Lo-fi wireframes followed, with a formal stakeholder review before any high-fidelity work began.
The user flow covers three key steps — setup and configuration, viewing completed actions (full auto), and the approval flow. All three were shared with stakeholders before high-fidelity work began.
Rather than advancing straight to high-fidelity Figma, I built functional prototypes directly in Cursor. This was deliberate — agentic behaviour can't be honestly tested with static mocks. The prototype needed to actually reason, respond, and make decisions.
With a working prototype, I returned to the same analyst pool from the discovery round. These sessions were structured task-based tests: could analysts understand what the agent had done, approve or reject actions in under 60 seconds, and recover when something went wrong?
Testing revealed a consistent pattern: analysts trusted the agent's actions but wanted more control over its scope. The configuration panel — where analysts set automation levels per action type — emerged directly from this feedback and became one of the most positively received features in round two testing.
Once the UX was stable and validated, I produced the engineering handover documentation using Claude Code. Rather than static Figma annotations, the handover was a living document — structured markdown with embedded component specs, interaction states, edge cases, and agent decision logic documented in plain language for the engineering team.
One of the final and most impactful steps in the build process was connecting the Elastic UI (EUI) design system directly into the agent via MCP. I built a custom skill that gave the agent a live reference to EUI component patterns, interaction conventions, and accessibility guidelines — so that every time it reasoned about an interface action or generated a rule-related response, it could do so in a way that was consistent with the broader Elastic product experience.
This meant the agent didn't just produce functionally correct outputs — it produced outputs that looked and behaved like the rest of the platform. For a feature sitting inside a mature design system, that consistency matters enormously for user trust. When AutoDEX surfaces an approval card, a reasoning summary, or a tuning recommendation, it feels like it belongs in Elastic Security — not like an AI overlay bolted on from outside.
06 Results
The results below are drawn from two sources: structured user testing with the 20+ analyst cohort, and usage analytics from the AutoDEX beta rollout across three enterprise accounts. Together they confirm the system delivered on the five UX success criteria defined at the start.
1
In user testing, analysts consistently reported being able to understand the state of their detection estate within the first few minutes of opening the dashboard. Usage analytics from the beta confirmed the pattern.
2
AutoDEX diagnosed a rule generating 340 FP alerts/week and proposed a targeted exception. Analyst approved in under 60 seconds after reading the reasoning summary.
3
Silent failures surfaced before they compounded. Coverage gaps — previously invisible for weeks — now identified and proposed for closure in real time.
Signing Off
We walked in thinking analysts wanted full transparency from the agent. They wanted the opposite: concise intent, not verbose justification. Without structured assumption mapping and two rounds of research, we would have shipped something analysts found exhausting rather than helpful.

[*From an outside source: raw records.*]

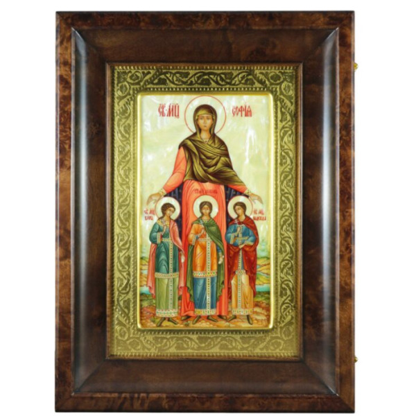 Икона «Вера, Надежда, Любовь и мать их София» изображает святых, особо почитаемых в христианском мире. Их имена стали нарицательными, и обозначают важнейшие добродетели: веру в Господа Бога, надежду на спасение и любовь к Творцу, а также всему сущему, созданному его Небесной силой.
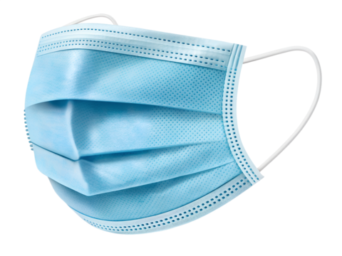 Blue disposable medical face mask isolated on transparent background
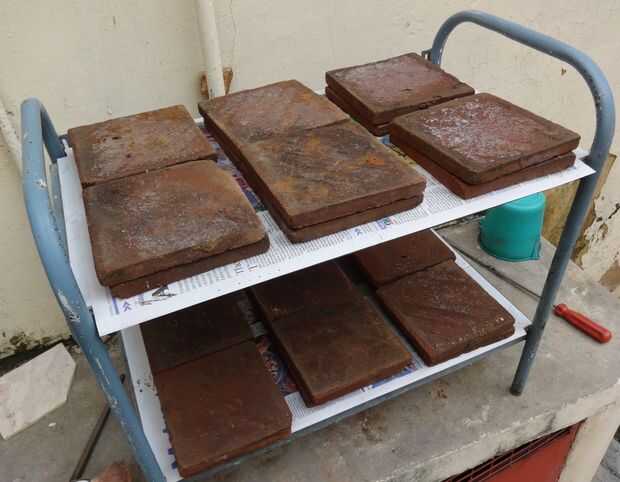 Coloqué un periódico sobre los azulejos pegados y coloca algunos pesos sobre ellos con el fin de proporcionar la presión para la correcta adherencia.
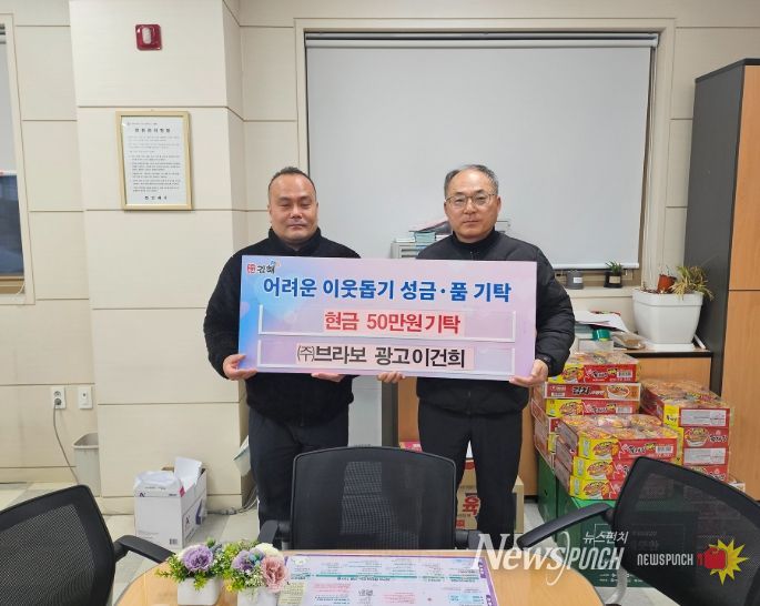 뉴스펀치 박세훈 기자 | 김해시 장유2동 행정복지센터는 지난 10일, 관내 광고대행사인 주식회사 브라보와 음식점 ‘산까치산장’을 운영하는 이건희 대표가 어려운 이웃을 위해 성금 50만 원을 기탁했다고 밝혔다.

The configuration panel — where analysts set their own automation levels — was the highest-rated feature. Trust made explicit and controllable beats trust assumed.
Three surfaces, one mental model. It held under pressure. I'd apply this framing from day one on any agentic product.
Working Cursor prototypes revealed problems no Figma review would have caught. For AI products, code prototyping isn't optional.
The engineering team called it the clearest spec they'd received on an agentic feature.